'Function Factory' for Box-Cox Transformation of Data
boxcox3.Rd
Function factory to create functions that take \(\lambda\) as an argument for performing the Box-Cox transformation on a given dataset. Adapted from Wickham (2019) Section 10.4.4 Exercises.
Value
Returns a function
taking a single argument \(\lambda\) that performs the Box-Cox
transformation on data x.
Details
A numeric vector containing the data to be transformed is provided as an argument to this 'function factory', which returns a function performing the Box-Cox transformation on those data for any given value of \(\lambda\).

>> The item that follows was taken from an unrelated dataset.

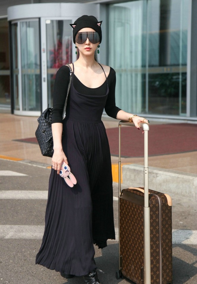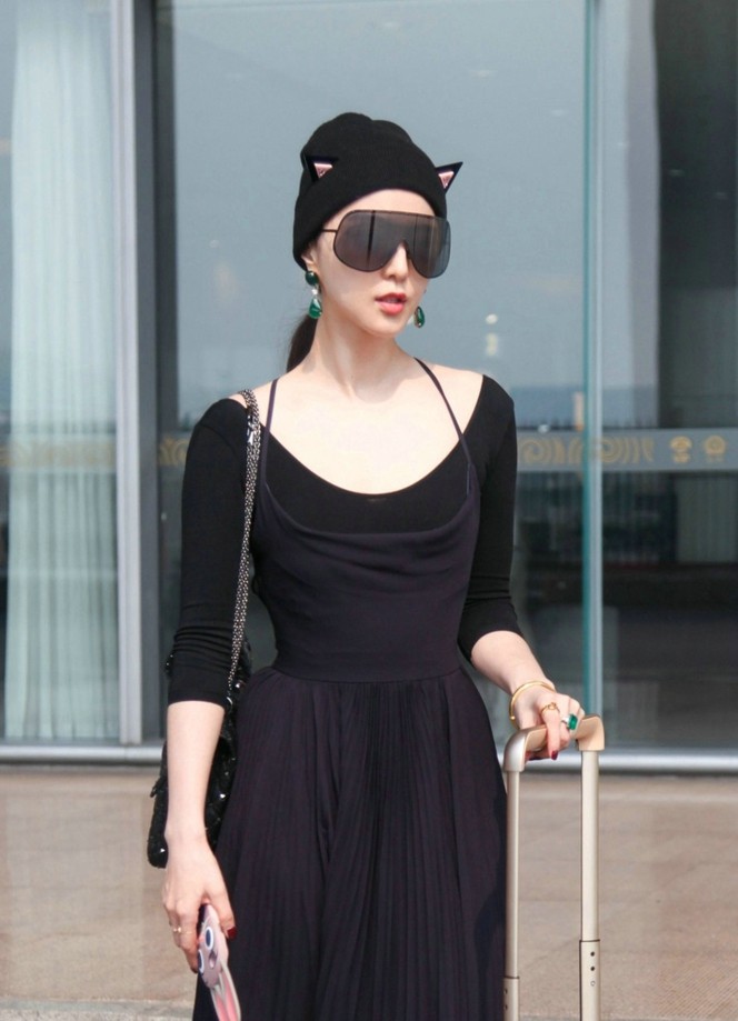 这组照片拍摄于2016年10月,正值范冰冰演艺事业与时尚影响力的巅峰时期。机场对于她而言,早已不仅是交通枢纽,更是展示个人时尚品味与明星气场的重要舞台。此次选择的超大镜面镭射墨镜,是当时欧美时尚圈风头正劲的单品,其镜面反射效果未来感十足,既能巧妙遮挡旅途疲惫,又能营造出一种疏离而强大的视觉氛围。墨镜夸张的尺寸与她精致的脸型形成鲜明对比,在凸显小脸优势的同时,更强化了造型的戏剧张力和时尚态度。

The Box-Cox transformation takes the following form: -
if \(\lambda \ne 0\) $$y(\lambda) = \displaystyle \frac{y^\lambda - 1}{\lambda}$$
if \(\lambda = 0\) $$y(\lambda) = \log(y)$$
If labile_data
is TRUE
, data
are represented in the boxcox3()
function environment as a
quosure
, and functions returned by will automatically refer to the current version of
data
in its original environment
, usually the calling environment i.e., typically but not
necessarily the global environment. If labile_data
is FALSE
, returned functions refer to a copy of data
saved in the function environment at the time of execution of boxcox3()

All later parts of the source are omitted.